We’re into naked at my house. By “we”, I mean Sadie and by “into” I mean she likes to do everything in her birthday suit. Tolerance, I have it, but I draw the line at eating meals naked. It’s too Raising Arizona for me, which may not make sense to you, but OMG, my kid has to wear clothes to the table. Period. The end.
Well, sometimes I get a little lazy at breakfast. On the mornings I go to work, I punt, thinking “let the nanny deal with it; that’s why we pay her.” On the mornings that I am home, I punt, thinking “let’s not ruin a happy morning with a power struggle.” (Yes, the parenting manual is coming out soon, just working on the final proofs.)
But it only took one incident to shock and disgust the lazy right out of me.
As I remember it, Sadie was sitting on a stool au natural as I was making breakfast. I know that none of YOU are the judgmental types (except maybe you, YOU’RE always judging me), so I can tell you that Sadie was drinking milk and eating pretzels and avocado.
Because I was busy like a boss making shit happen in my kitchen, I was not paying that much attention to what my children were actually doing.
“Mommy?” Sadie asked, innocently enough.
“Did you hear that?”
“What?” I said, still not suspicious.
“I just put some pretzels on the stool and then I sat on them. I crunched them into little pieces.”
Powers of speech failed me, because I could see her chewing. Pretzels.
“Now, I am eating them.”
“Mommy, want one?”
I guess I should be glad she didn’t try to make guacamole with her butt and then dip her pretzels into it. (Me– always with the bright side.)
Thanks to the butt crunched pretzels we have a new and necessary iron clad rule around here. No clothes, no food. I’ve been heard to say “If I can see your genitals, you can’t have a snack.” Other chesnuts that have passed my lips, include, “Get your hands off your penis if you want a popsicle,” and “Let’s not put couscous in our vagina, m’kay?”

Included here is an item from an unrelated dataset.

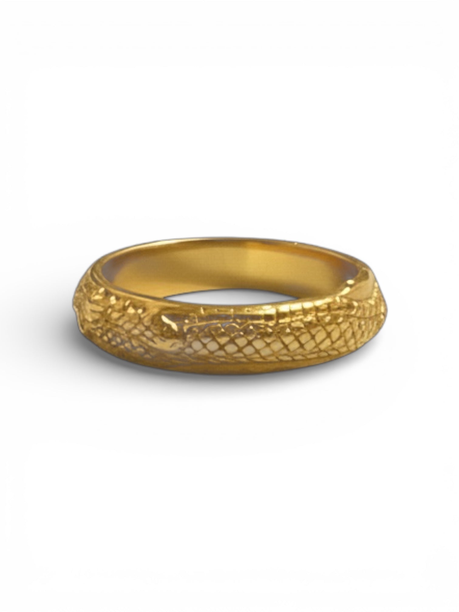 A deep carved motif all around the band. This vintage design with a modern twist, featuring an bas-relief that wraps around your finger.

I knew these days were coming– days when my kids would gross me out in ways far exceeding their full newborn diapers. I was hoping it would be puberty scenarios that would shock my conscience. But my three-year old’s butt crunched pretzels have ushered in not only new house rules, but a new era in our house, one that assures me I will be grossed out time and again. Also? I predict we’ll dispel the myth that boys are “grosser” than girls. If I am raising her right, my daughter will be as gross as any boy her age.